42. On the Importance of Reading.  “We think because we learn to remember our reading the best that can be read—for Augustine the Bible and Vergil, Cicero and the Neoplatonists, to which we have added for ourselves Plato, Dante, Cervantes, and Shakespeare, with Joyce and Proust in this century just past [Dump Joyce and Proust – I would add Melville and Tolkien.]  But always we remain the progeny of Augustine, who first told us that the book alone could nourish thought, memory, and their intricate interplay in the life of the mind.  Reading alone will not save us or make us wise, but without it we will lapse into the death-in-life of the dumbing down in which American now leads the world, as in all other matters.  pp. 298-299

43. On Wisdom and Truth – Bloom’s Conclusion.   “Truth, according to the poet William Butler Yeats, could not be known but could be embodied.
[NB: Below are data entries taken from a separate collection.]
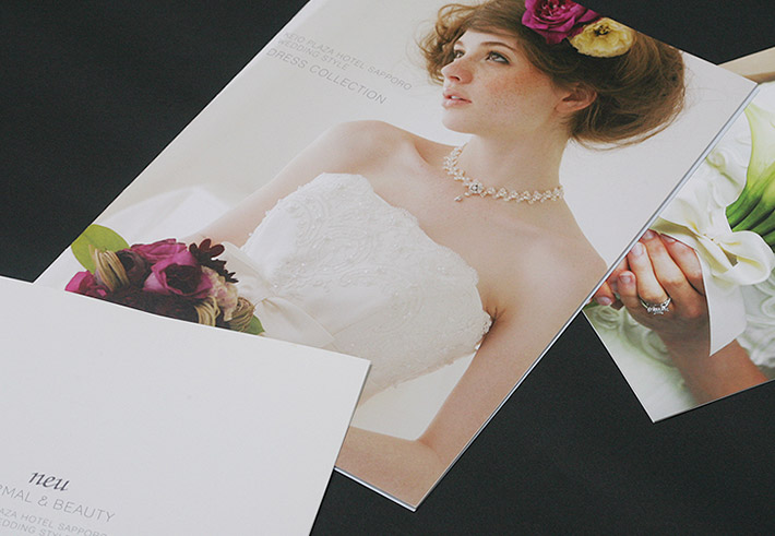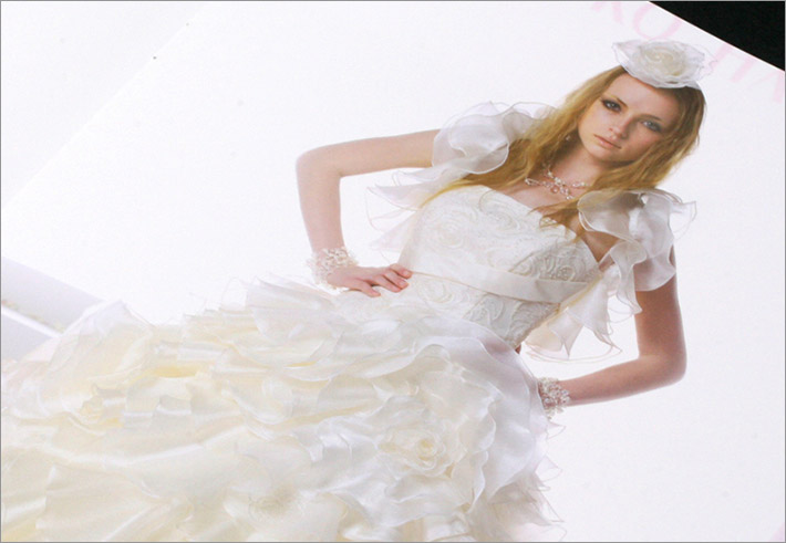 「ドレスコレクション」は、純白のウエディングドレスから披露宴のお色直しを演出するカラードレスまで人気ブランドのドレス(一部紳士フォーマル)を写真で紹介しています。見開きごとに余白を十分にとり、コピーや文字の情報を最少限に抑えて、ドレスの美しさを浮かびあがらせています。
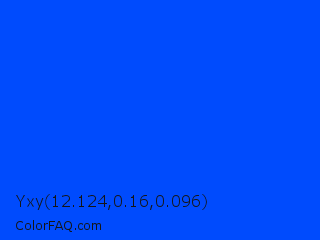 Yxy 12.124,0.16,0.096 Color is a normal blue color and the nearest color is Blue RYB #0247fe. Hex code #004bfd and RGB value is rgb(0,75,253). In RGB color space, this color is composed of 0% red, 29% green, 99% blue, In CMYK color space, this color is composed of 100% cyan, 70% magenta, 0% yellow , 1% black , In HSL color space, this color has a hue angle of 222° , 100% saturation and 50% lightness.
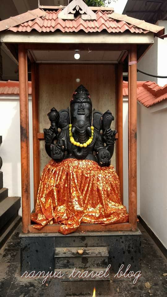 There are seperate shrines for Lord Ganesha Goddess Baghavathy Lord Ayyappan and Lord Ranganathar with Goddess Lakshmi. There is a Thulabharam (balance) people offer bananas jackfruit sugar whatever they have prayed to the lord according to their weights.
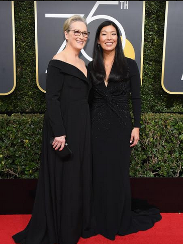 Aktris The Devil Wears Prada Meryl Streep tampil di atas karpet merah mengenakan gaun panjang hitam, polos, tanpa kerlap-kerlip mewah. Ia tampil sederhana tanpa aksesoris selain anting dan kacamata. Tak tampil sendiri, Streep juga membawa tamu spesial bernama Ai-jen Poo, direktur National Domestic Workers Alliance dan co-director dari Caring Across Generations Campaign.
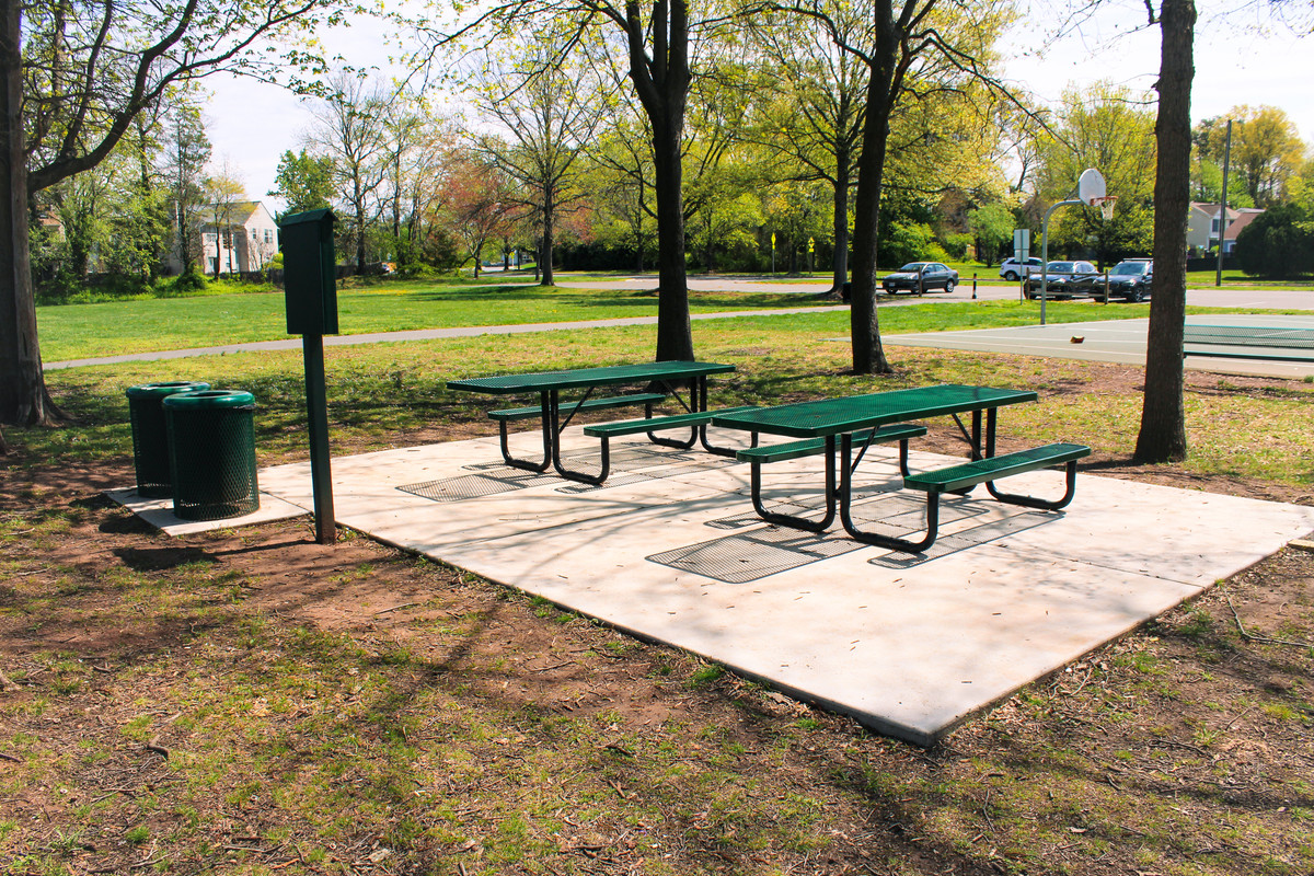 Picnic area #2 is located to the right of the trail close to the multi-use hard surface court with two picnic tables and a small grill. Available for private rentals at $30/hour. No weekend trash service.
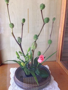 火曜日は、仁平さんが玄関に活花を飾りに来てくれます。今週の活花は「イガナス」、「バラ」、「ユリ」です。
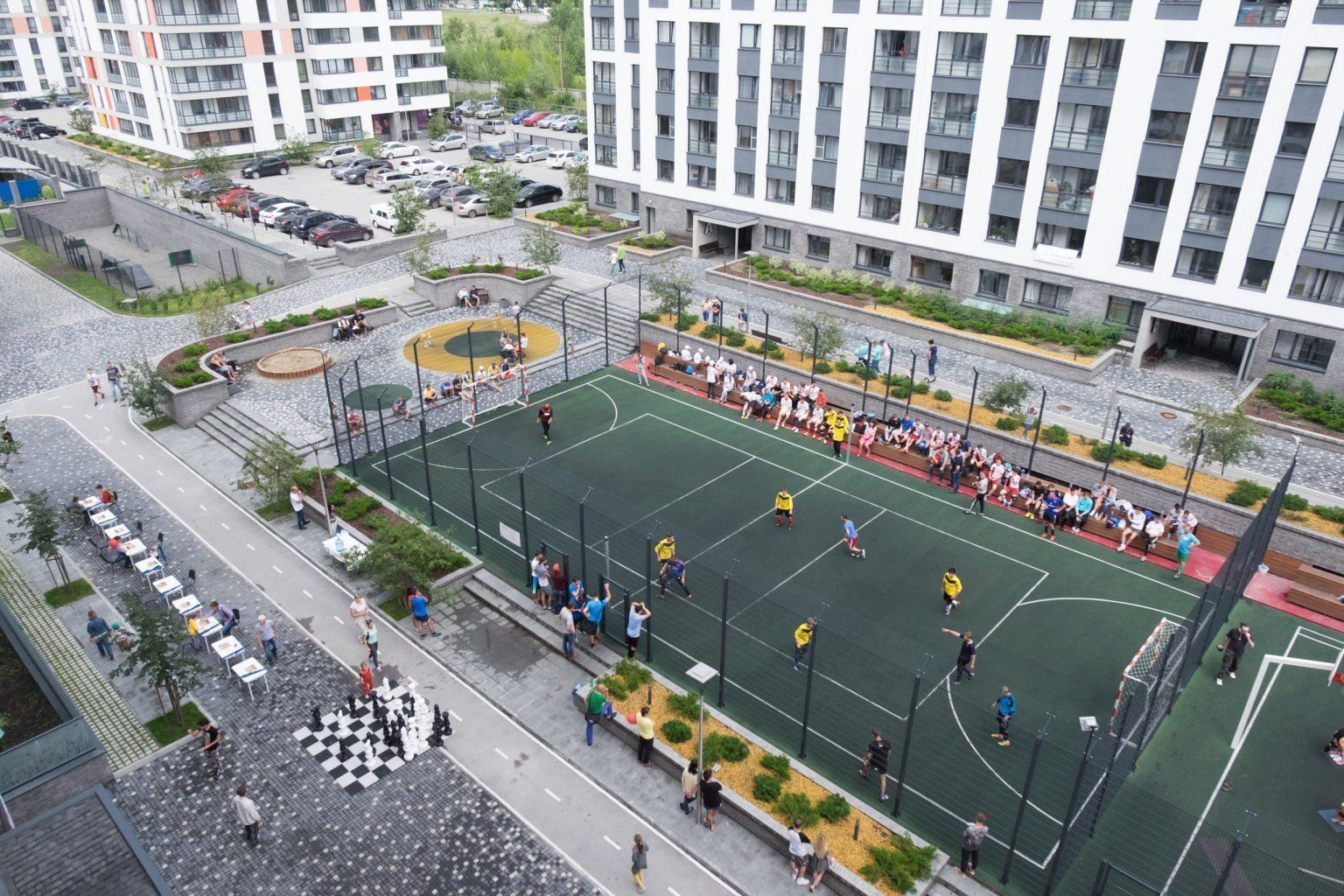 Aire de jeux caoutchoutée avec des équipements de fabricants suédois. Unique en son genre et considéré comme unique dans la ville. Les places de parking du complexe sont souterraines, la présence d'enfants sur le site est donc totalement sécurisée.
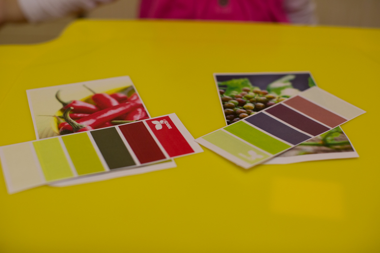 15. Цветовосприятие - Распечатайте готовые палитры, отрежьте полоску с цветами от картинки, предложите ребенку найти и соединить палитры цветов, соответствующие рисункам. Можно использовать любую игру с цветами, например, сортировать любые предметы, игрушки, детали конструкторов, крышки и пр. по цветам.
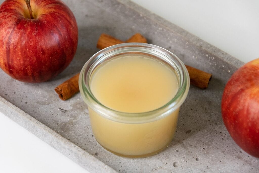 Die Reste aus dem Öl kannst du zum Beispiel mit etwas Zucker, Zimt und ggf. einem Schuss Wasser in ein tolles Apfelmus verarbeiten!
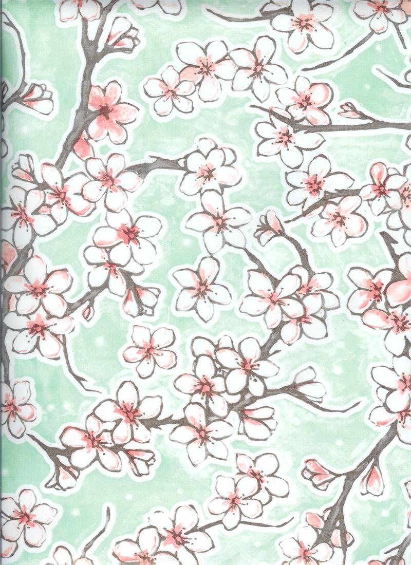 Fuji on Aqua Blue Oil Cloth. Sold by the Yard. Oilcloth yardage named after the iconic Mt. Fuji. Bright and beautiful! It's springtime in Japan year-round with these sakura cherry blossoms in full bloom.
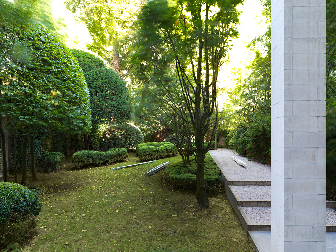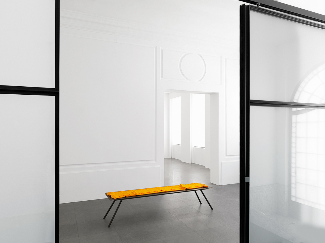 The enigmatic titles of these sculptures, Black Caviar, Secretariat, Grand Flaneur, in reality make reference to famous race horses. The idea of movement, and beyond this of pursuit and flight, thus informs these objects which, set on the ground, seem to have been stopped in their tracks. As at a race course, benches, also designed by the artist, invite us to take a seat to look at the now motionless works. On these benches are laid blankets of the type handed out by various airlines to their passengers on long-haul flights. The promise of a distant journey thus seems to be being made to spectators. Comfortably wrapped in the warmth of the piece of fabric, we are invited to journey towards imaginary horizons, where suns are red and water phosphorescent.
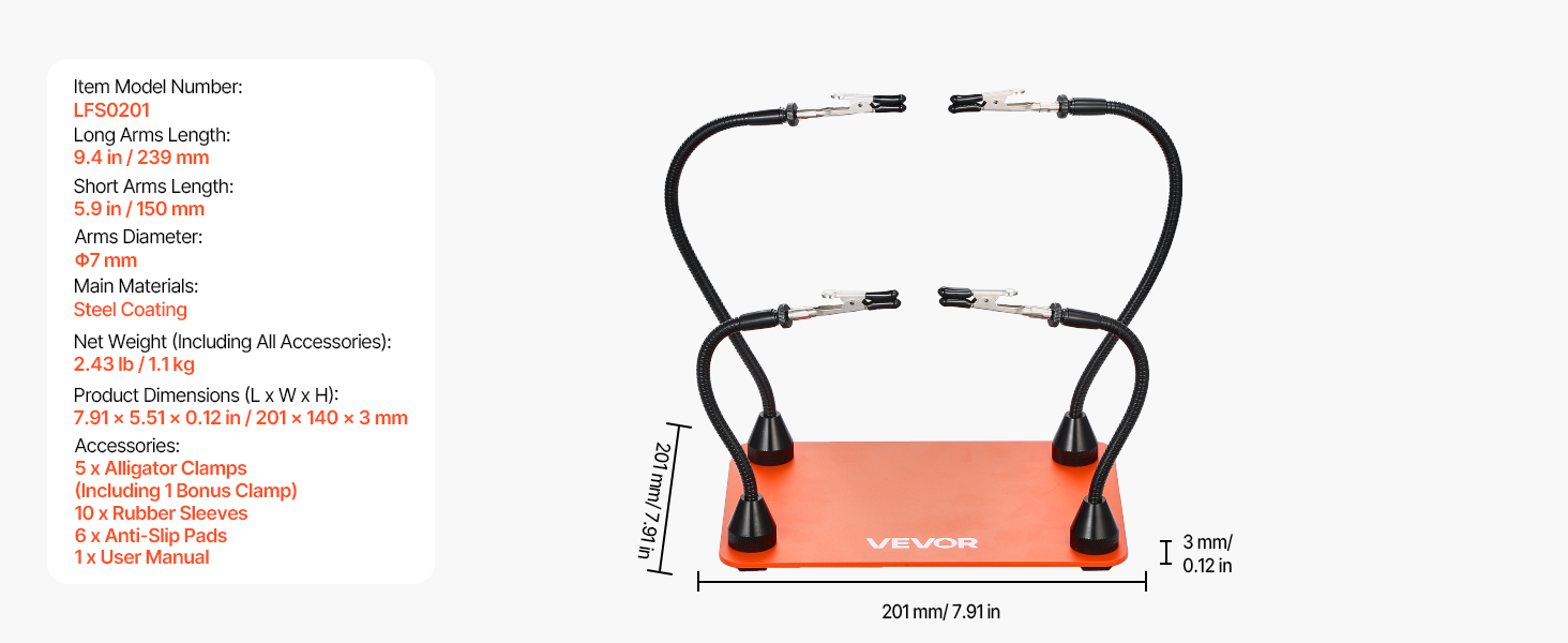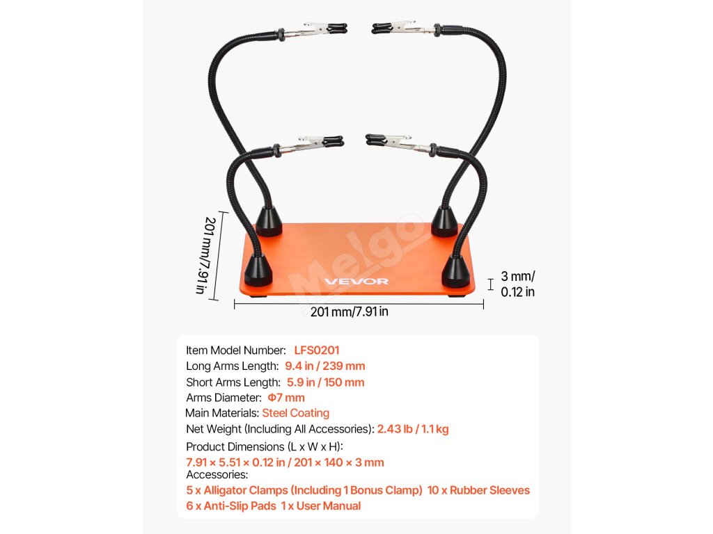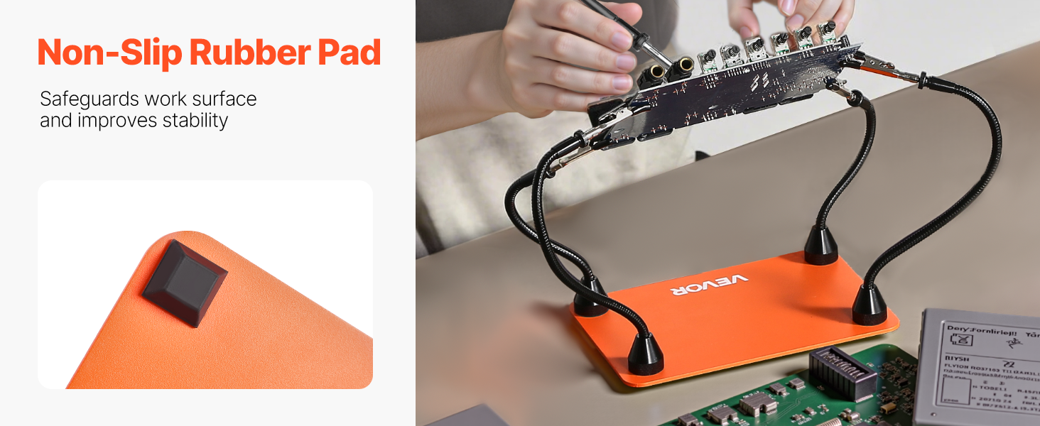 Toto náradie tretej ruky sa dodáva s protišmykovými gumovými podložkami, ktoré poskytujú vysoké trenie, účinne zabraňujú posúvaniu zariadenia a zabezpečujú stabilitu počas používania. Mäkký gumový materiál odolný proti opotrebovaniu tiež zabraňuje poškriabaniu a poškodeniu pracovného povrchu.
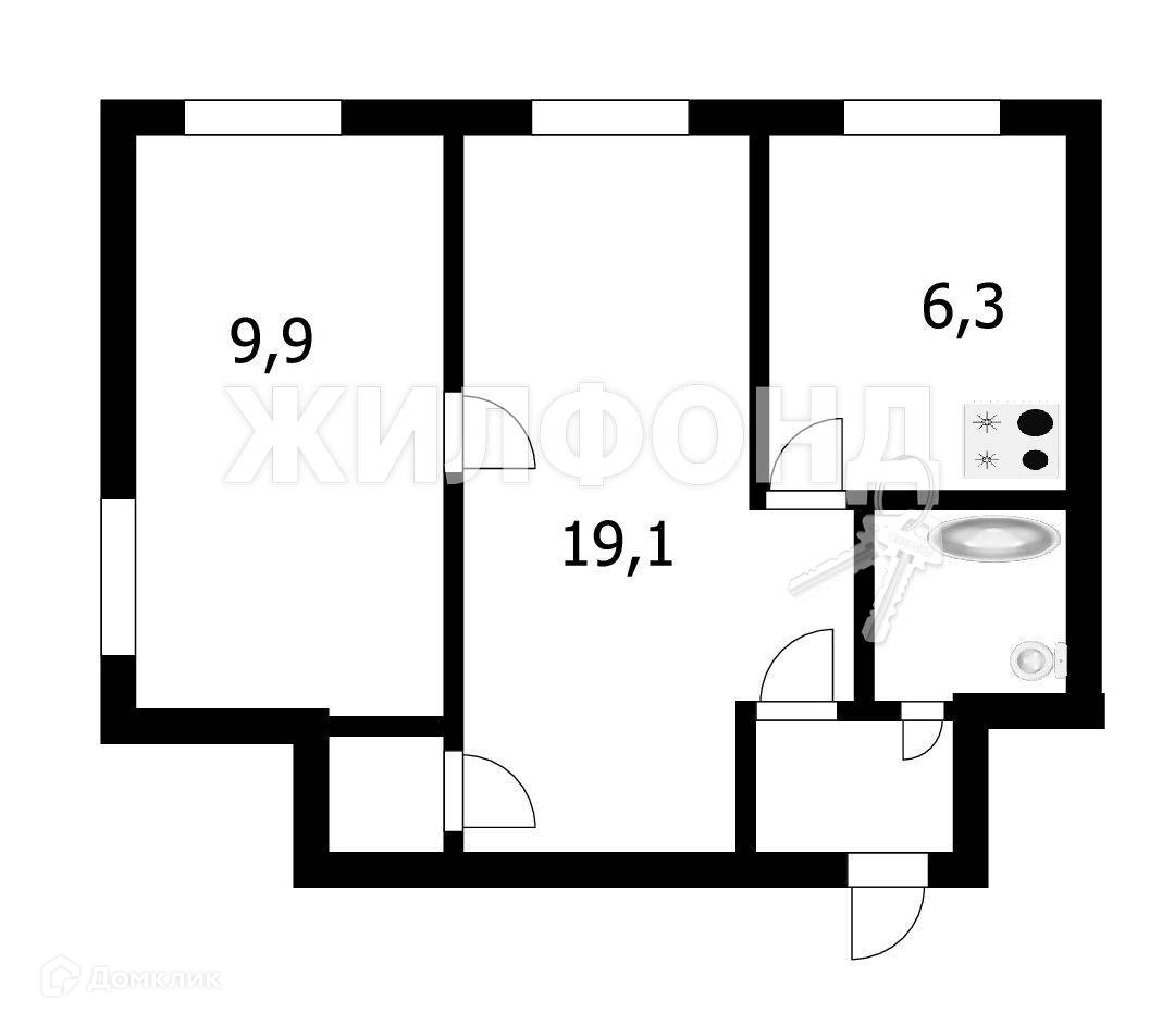 2-комнатная квартира, 41.9 м2, этаж 1 / 4, на продажу в Бердске, улица Свердлова, 4
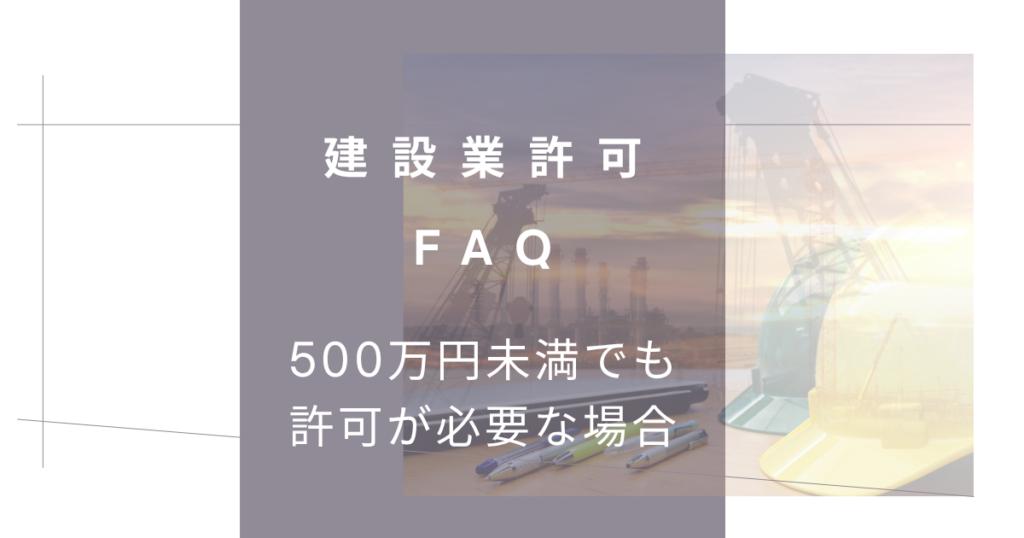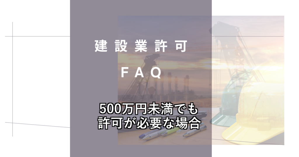 原則として税込500万円未満(建築一式は1,500万円未満)の工事は許可なく請け負えますが、例外もあります。複数の工事を同一業者に連続発注したり、工事を分割して発注したりすることで実質的に500万円以上になると判断される場合は許可が必要です。
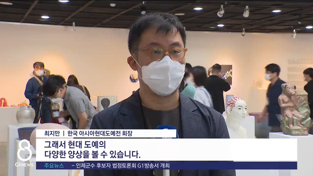 "특별 기획으로 해서 강릉 아트센터에서 개최하고 있습니다. 이 전시는 교수님들하고 대학원생들이 같이하는 전시거든요 그래서 현대 도예의 다양한 양상을 볼 수 있습니다."
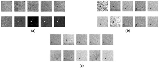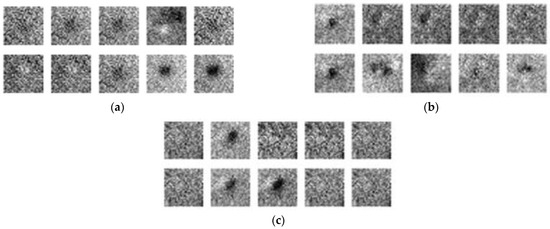 Figure 20a, 20b, and 20c respectively present the results of DCGAN after 10,000, 20,000, and 30,000 iterations. After 10,000 iterations, the image has gradually become a prototype. After 20,000 iterations, the noise began to interfere with the features of the defects; however, the outline of the defects remained discernable. After 30,000 iterations, the flaws are easily discerned, and the images with less noise are indistinguishable from the original samples, which indicates that DCGAN achieved convergence.
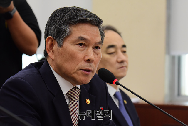 정경두 국방부장관이 4일 오후 국회에서 열린 국방위원회 전체회의에 참석해 서해 함박도 북한군 점령 논란 관련 질문에 답하고 있다.
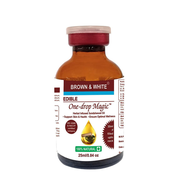 Brown & White Herbal Sandalwood Oil (One-Drop Magic) with Carom, Linseeds & Prunus dulcis extracts, 100% Veg - 25ml

Of wisdom, I personally would affirm the reverse:  We cannot embody it, yet we can be taught how to know wisdom, whether or not it can be identified with the Truth that might make us free.”  p. 304  [What?]

2 comments:

Scott Hinrichs said...

Bloom is obviously well read and can boast a keen intellect. But his judgment of Freud inhabiting the same realms as Plato, Montaigne and Shakespeare is faulty at best and hubristic at worst. Perhaps additional passage of time will render greater clarity on this point. Maybe one of Bloom's intellectual heirs three centuries from now might have sufficient perspective to more aptly judge this matter.

Lysis said...

Scott,

Thank you for posting. I agree with you on Freud. That he is still held up is proof that those who teach him have not read him. It is the endless problem in university classes. Professors teaching what they were taught to students who will repeat it as if they knew something about it.

I am interested to see what will become of Proust. No, I've never heard of him either.